His apparent display of contempt towards a mother with cancer, his use of extreme logic that seemed to drive out any sense of compassion, exposed a disturbing shadow of eugenics that has been in evidence during this pandemic.
Remember all that initial talk of simply letting the virus rip through society regardless of the consequences? The logic of that proposition was that people who are old, sick or disabled must either die or stay shielding in their homes to benefit wider society.
Remember, too, the callous words of one food chain boss when he urged the sacrifice of ‘a few thousand lives of very old or vulnerable people’ so younger people could be freed from purgatory?
Such arguments are not only shocking: they present a false dichotomy between health and the economy.
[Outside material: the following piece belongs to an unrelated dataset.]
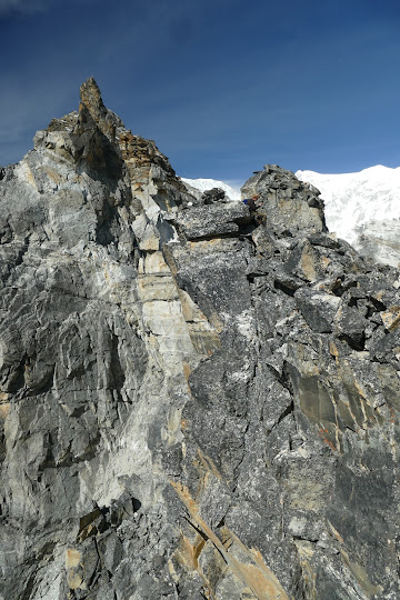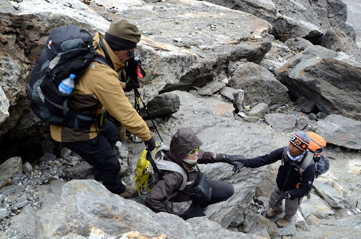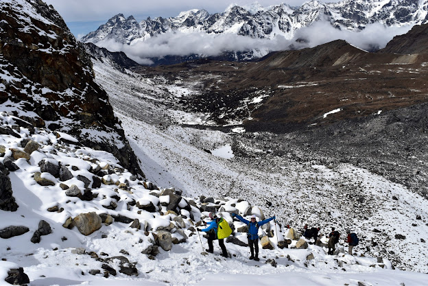 Спуск начинается по леднику. Верхняя часть спуска проходит по леднику, причём не по засыпавшим лёд камням, как это было при переходе Нгозумбы, а по чистому льду. Как правило, лёд шершав, и не всегда требует кошек. Другое дело, если уже ниже ледника на камнях замёрзнет вода. Тогда будут необходимы запасённые нами «котята».
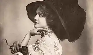 Lucile designed the costumes for Elsie in The Merry Widow (including the plumed hats that became an extraordinary fad) and thereafter used Elsie to promote her fashions, designing her personal clothes and costumes for several of her other shows. Lucile wrote, "That season was a very brilliant one, perhaps the most brilliant of the series which brought the social life of pre-war London to its peak. And just when it was at its zenith a new play was launched with a new actress, who set the whole town raving over her beauty...."[6] Elsie's image was in great demand by advertisers[8] and on postcards, and she received unsolicited gifts of great value from many male admirers (and even bequests).[1] Lucile commented, "She was absolutely indifferent to most [men] for she once told me she disliked the male character and considered that men only behaved tolerably to a woman who treated them coldly".[6] Nevertheless, Elsie became one of the most frequently photographed beauties of the Edwardian era. According to the Atlanta Constitution newspaper in America, writing in 1915:

The reality is that countries handling Covid the best and protecting most lives emerge with stronger economies and return fastest to normality.
Of course, many will argue that Sumption is simply placing different values on human lives in the same way that medics do with the use of triage in an emergency, sometimes choosing between patients on the basis of the likelihood of their survival.
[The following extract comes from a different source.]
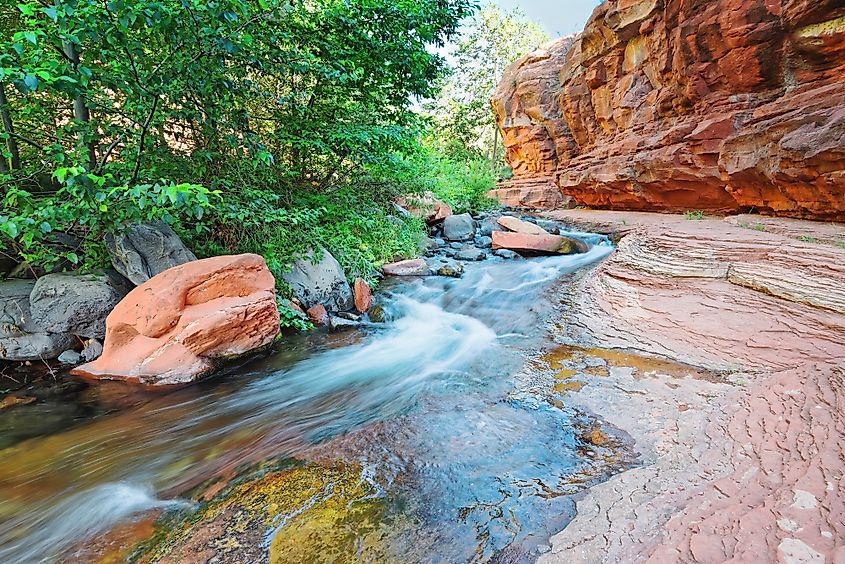 同じハイウェイ 89A 号線を走り続けると、スライド ロック州立公園がセドナの反対側、レッド ロックからわずか 25 マイルの距離にあります。ここでは、オーク クリークがかつての農場兼リンゴ農園をまっすぐに貫いており、80 フィートの藻に覆われたセクション (公園の名前の由来となっています) は、暑すぎる夏の観光客が楽しめる自然の滑り台となっています。この滑りやすい砂岩の水路のほかに、スライド ロック州立公園の 43 エーカーの敷地には、ナローヘッド ガーター ヘビ (Thamnophis rufipunctatus) が現存する最大の個体群が生息しています。

But the medics’ instant decision-making is very different from the former judge’s considered and sweeping remarks.
Yet do not just blame Sumption, nor his supporters, for their unsympathetic attitudes reflect dark, age-old bigotries that still lie deep in society.
We glimpsed such views when, early in the pandemic, doctors hastily imposed blanket ‘do not resuscitate’ orders on residents in care homes, without consent, which would have permitted patients in life-threatening emergency being left to die.
We saw it also when the National Institute for Health and Care Excellence had to ‘clarify’ its critical care guidelines after an outcry over fears that its frailty scoring system would deny treatment for many patients with cerebral palsy or learning disabilities.
Behind such issues lie fundamental questions that should be confronted; questions over the value our modern society, with its quest for perfection, places on people with serious illness, profound disabilities or suffering the inevitable frailties of old age.
When the NHS is worshipped and clapped, but the fragmented social care system has been allowed to run down, it underscores the woeful lack of value given to those who rely on social care as well as those working in the system.
One reason for Britain’s high number of deaths is that we corral people needing support into ‘care homes’, which are frequently run by fat-cat profiteers at the expense of sensitive care.
We see this also in the way too many people with autism, learning disabilities and mental health problems are locked up in psychiatric hellholes that rely on physical and pharmaceutical restraint.
Meanwhile, we live in a world that is slowly eliminating Down’s syndrome and aborting children even up to birth on grounds of disability, sometimes on the basis of apparent abnormalities that are comparatively slight. Yet people with Down’s, like many others with learning disabilities, can have long, happy and fulfilling lives that enrich the human condition.
And now we are entering a new age of genetics that is making wonderful strides forward for healthcare, but also unleashing a sinister new age of eugenics through scans and tests in which scientists talk freely of eliminating disabilities before any such people are born. What message does that send to society and those living with such conditions?
Lord Sumption’s comment was arrogant, demeaning and offensive to a remarkable woman. Yet the sad truth is that he is far from alone in deeming the lives of some people to be worth more than many others due to their age, disabilities or health.